Maria Odemarck
Abstract
Frühpädagogische Einrichtungen arbeiten in den seltensten Fällen gewinnorientiert. Dennoch stehen den Leitungen solcher Einrichtungen knappe Ressourcen zur Verfügung, mit denen sie wirtschaften müssen, um ihren pädagogischen Auftrag zu erfüllen. Der Beitrag beschäftigt sich mit der Frage, welches betriebswirtschaftliche Wissen in frühpädagogischen Institutionen notwendig ist und welche Aus- und Weiterbildungsmöglichkeiten in Deutschland derzeit angeboten werden.
1. Einleitung
Zu dem Aufgabengebiet der Führungskraft einer Kindertagesstätte (Kita-Leitung) gehört u.a.:
- „(…) Eigenverantwortliche Organisation des betrieblichen Alltags zur Sicherung der ganzheitlichen Umsetzung des Bildungsauftrages
- Führung des Gesamtteams, d.h. Steuerung des Personaleinsatzes, fachliche Begleitung der Mitarbeiterinnen und Praktikanten sowie Reflexion, Personalentwicklung und Personalgewinnung (…)“ (EFK 2014).
Dieser Auszug aus einer Stellenbeschreibung zeigt, dass das Anforderungsprofil einer Kita-Leitung den erzieherischen und pädagogischen Aspekt dieses Berufs überschreitet und Führungskompetenzen im Bereich der Organisation des betrieblichen Alltags sowie im Personalmanagement gefordert werden. Es wird deutlich, dass ein „Umdenken bzw. ein Denken in wirtschaftlichen Kategorien aufgrund der weiterhin zunehmenden Konkurrenz, der sich stetig verändernden Rahmenbedingungen und des steigenden Qualitätsbewusstseins, das für soziale Einrichtung überlebensnotwendig ist“ (Moos / Peters 2008, S. 15), an Bedeutung gewinnt. Das Prinzip der Wirtschaftlichkeit rückt demnach auch in frühkindlichen Betreuungs- und Bildungseinrichtungen vermehrt in den Vordergrund.

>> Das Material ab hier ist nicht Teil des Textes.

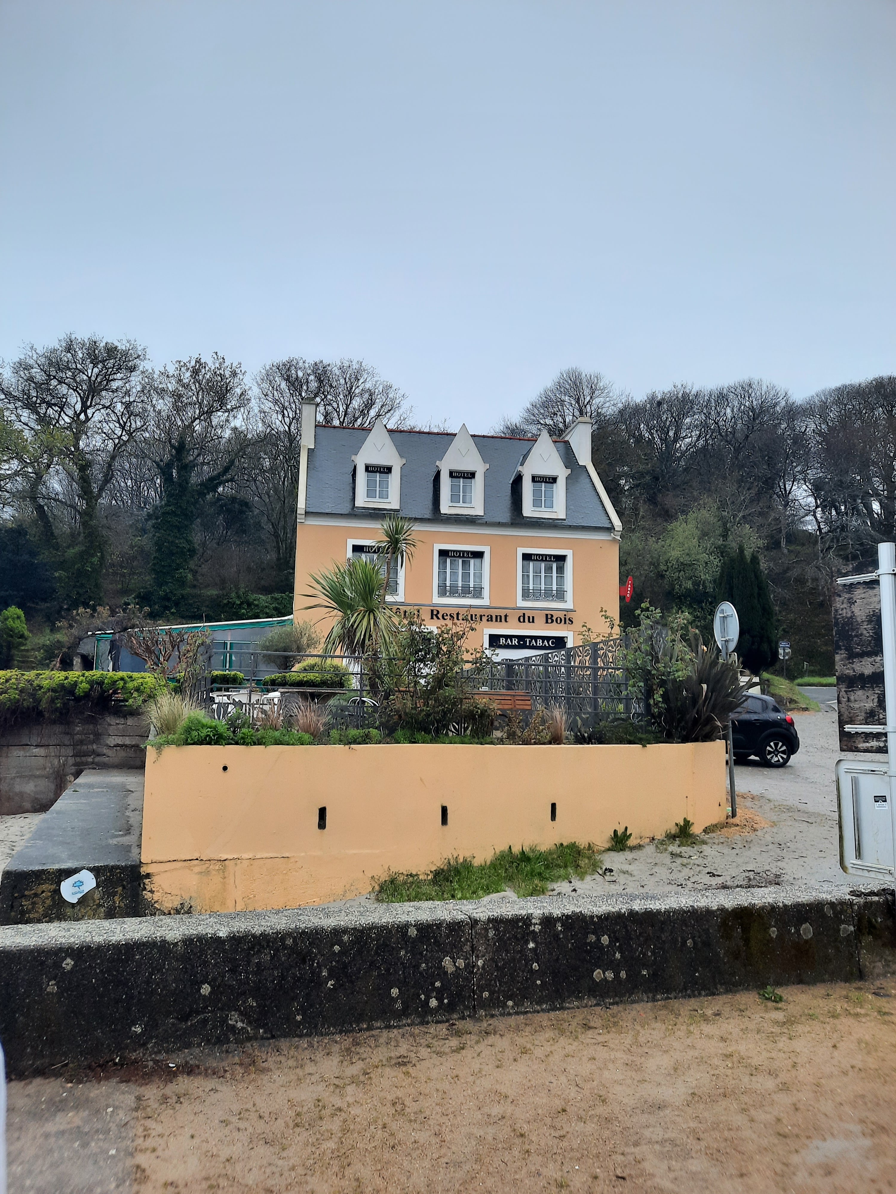 J'ai organisé dans cet établissement une fête privée d'anniversaire. Malgré que nous étions sur le weekend de Pâques, et que l'établissement devait fermer pour 1 semaine de vacances, Céline, la propriétaire, après en avoir échangé avec son cuisinier et sa serveuse, a gentiment accepté d'ouvrir son établissement pour nous accueillir. C'était d'autant plus attentionné de sa part, que je lui ai demandé de nous organiser pour le samedi midi, un buffet froid pour 54 personnes, ce qui n'est pas dans les habitudes de la maison. Toute l'équipe de l'hôtel s'est investie dans la préparation de l'évènement. Chacun, patronne, cuisinier, serveuse, donnant son avis et ses idées pour une fête réussie. Nous avons été accueillis comme des rois. L' équipe s'est mise en 4 pour nous accueillir et faire en sorte que la fête soit des plus agréable. Le cuisinier à assuré... Le buffet était parfait, et ses préparations (maison ! ) étaient d'une extrême qualité. Sans parler des tartes aux fruits.... divines...Tout cela complété par un service au top. La serveuse était au petit soins avec nous tous... et Céline, la patronne veillait en permanence à ce que nous ne manquions de rien... De plus, il était prévu que nous soyons installés dans la véranda et le buffet servi dans la bar. Le temps était tellement beau, que Céline n'a pas hésité un seul instant à privatiser son établissement pour la fête et nous a mis à disposition sa superbe terrasse vue mer, en prenant soin de fermer les barrières pour éviter que d'autres clients se mélangent à la fête. Je n'en demandais pas tant. Ce fut tout simplement une journée magique. Tous mes remerciements à l'équipe de l'hôtel du bois. Journée réussie, grâce à l'accueil et au professionnalisme de toute l'équipe. Tout me monde en garde un souvenir magnifique. Ce fut un grand moment de bonheur.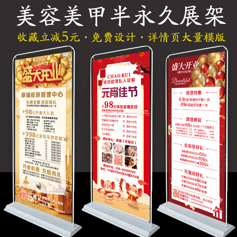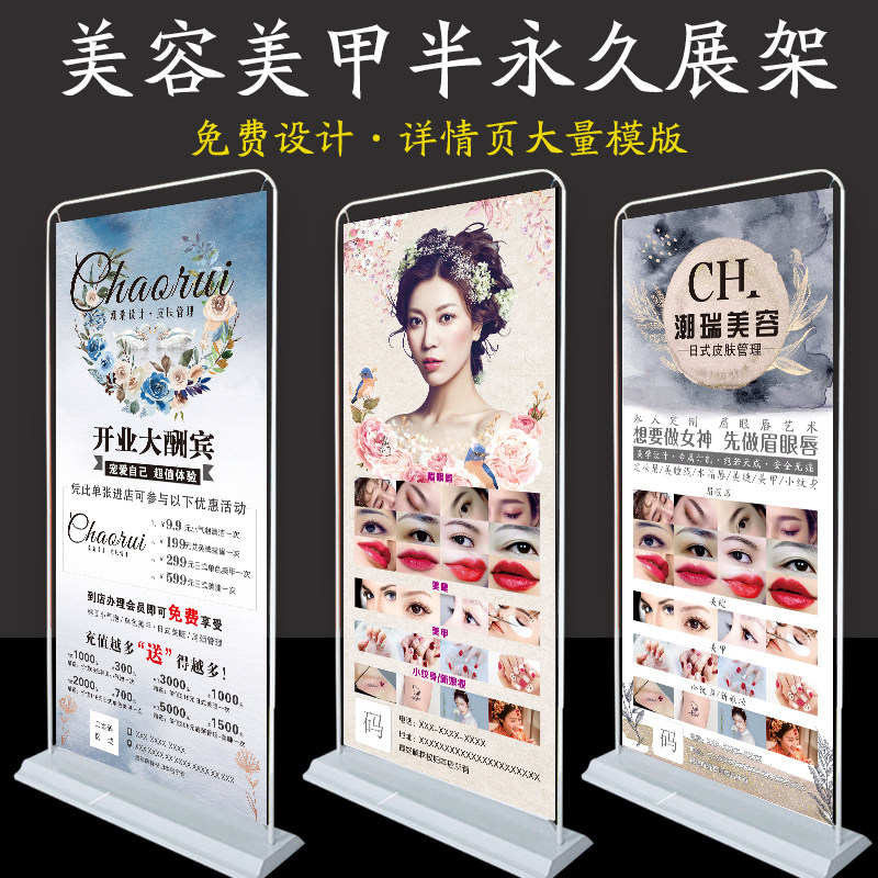 纹绣半永久眉眼唇美容美甲注水门型展架80x180海报开业广告易拉宝

Die Frage ist, warum der Anspruch des Wirtschaftlichkeitsprinzips überhaupt an öffentliche Institutionen gestellt wird, wenn es sich nicht um Unternehmen der freien Marktwirtschaft handelt, die Gewinne erzielen müssen, um am Markt bestehen zu können. Dazu ist zunächst zu klären, was einen Betrieb von einer Kindertagesstätte unterscheidet oder auch nicht unterscheidet und ob im Fall einer Gleichheit nicht die gleichen Anforderungen an eine Kindertagesstätte gestellt werden können, wie es bei Betrieben getan wird, d.h. es können die gleichen Kompetenzen zum Führen dieser Unternehmungen gefordert werden. Wenn dem so ist, muss auch eine entsprechende Ausbildung dafür angeboten werden. Ist diese Entwicklung derzeit in Deutschland erkennbar?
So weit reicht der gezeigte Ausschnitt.